39      At that stage, Dr Taverner thought a large element of the pain was arising from the lumbar facet joints and it was also likely that other elements of his pain were arising from the lower three lumbar intervertebral discs with annular tears seen at L3-4 and L4-5 discs in the 2009 MRI.  He may also have some radicular leg pain which would be investigated with a new MRI scan.  At that point, the prognosis was that the condition was likely to fluctuate.  The radiofrequency denervation was a palliative treatment lasting on average nine to twelve months.

40      When seen again on 27 September 2012,[14] the plaintiff recorded that the radiofrequency neurotomy performed in July 2012 had provided useful pain relief with complete abolition of a component of his pain.  The leg pain had gone but he was still using a walking stick and had back pain of moderate to severe intensity that was probably discogenic, arising from the known L4-5 and L5-S1 annular tears.  Once again, he considered the plaintiff had mixed facetogenic and discogenic elements of back pain which could now be considered to be a relatively stable back condition. 

[14]PCB 35

41      

Dr Taverner reported most recently on 22 September 2013.  On 1 July 2013, he described a good initial result from lumbar radiofrequency treatment performed in July 2012 with recurrent pain developing around Christmas and returning to baseline in early March 2013.  He described several falls in May and June of this year with his leg giving away and about six in total since his injury began.  These have been less common since he started taking


Panadol Osteo and Voltaren.

42      The left L2-5 radiofrequency neurotomies performed in July 2012 relieved the hip and leg pain but did not touch his back pain.  A review of his MRI showed annular tears at L3-4 and L4-5, explaining a discogenic contribution to his ongoing back pain.

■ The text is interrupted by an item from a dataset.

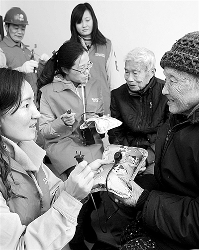 1月5日,志愿者在教老年人正确使用“暖手宝”。当日,国家电网无锡供电公司的“电蜜蜂”党员服务队来到无锡市钱桥镇南塘村敬老院送温暖。

43      As the radiofrequency treatment had worn off, approval was sought from the insurer to repeat the treatment, which was duly performed at Frankston Private Day Surgery on 30 July 2013.  The plaintiff said he felt much better after the medial branch blocks and therefore Dr Taverner proceeded with a lumbar radiofrequency neuropathy to those nerves which anaesthetised and denervated the facet joints at the recorded three levels.  The prognosis was as follows,

“The plaintiff is likely to experience relapsing and remitting episodes of back pain due to the combined effects of symptomatic facet joints and intervertebral discs.”

44      Future treatment was likely to include periodic radiofrequency treatments. 

The Plaintiff’s evidence

45      The plaintiff has sworn two affidavits in the proceeding, on 18 August 2011 and 26 February 2013.[15]  In the first affidavit, he records his employment with the defendant and that he was born in September 1975.  He records that he was experiencing severe, unremitting low-back pain, which he struggled to tolerate.[16]

[15]exhibit A

[16]exhibit A at paragraph [12]

46      Further, he has remained off work since mid 2009 and has been unable to return to work.  He swore he was unable to work because of persistent chronic back pain, the severity of which fluctuates.[17]  He further states that he is never free of pain; there is always a level of pain, the severity of which can sometimes worsen for no readily apparent reason.[18]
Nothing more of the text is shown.